Exercise objective — What is needed is an exact reproduction of the lines in the records below, starting at the line with "Un perro salchicha" and ending at the line with "2019新款日系潮流九分牛仔裤男浅色宽松直筒工装裤...", both included, and nothing else; pictures stay out.

Extracted data —
* * *

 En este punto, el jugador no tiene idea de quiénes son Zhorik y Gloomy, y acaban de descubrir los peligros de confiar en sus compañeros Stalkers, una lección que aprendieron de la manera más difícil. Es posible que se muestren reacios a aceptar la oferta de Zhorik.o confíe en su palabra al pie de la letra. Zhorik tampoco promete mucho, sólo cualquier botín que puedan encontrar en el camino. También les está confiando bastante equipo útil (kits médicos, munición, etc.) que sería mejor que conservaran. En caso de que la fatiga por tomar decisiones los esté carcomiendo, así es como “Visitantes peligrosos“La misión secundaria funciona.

* * *

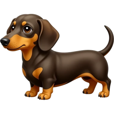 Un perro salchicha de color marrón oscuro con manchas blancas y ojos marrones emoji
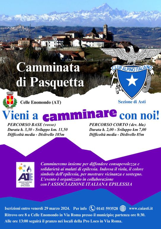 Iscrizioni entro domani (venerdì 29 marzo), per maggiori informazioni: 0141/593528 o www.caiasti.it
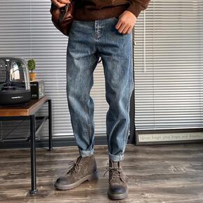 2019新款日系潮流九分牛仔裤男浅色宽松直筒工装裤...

* * *

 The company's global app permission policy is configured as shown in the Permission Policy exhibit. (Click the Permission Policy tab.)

* * *

Problem solution —
 Un perro salchicha de color marrón oscuro con manchas blancas y ojos marrones emoji
 Iscrizioni entro domani (venerdì 29 marzo), per maggiori informazioni: 0141/593528 o www.caiasti.it
 2019新款日系潮流九分牛仔裤男浅色宽松直筒工装裤...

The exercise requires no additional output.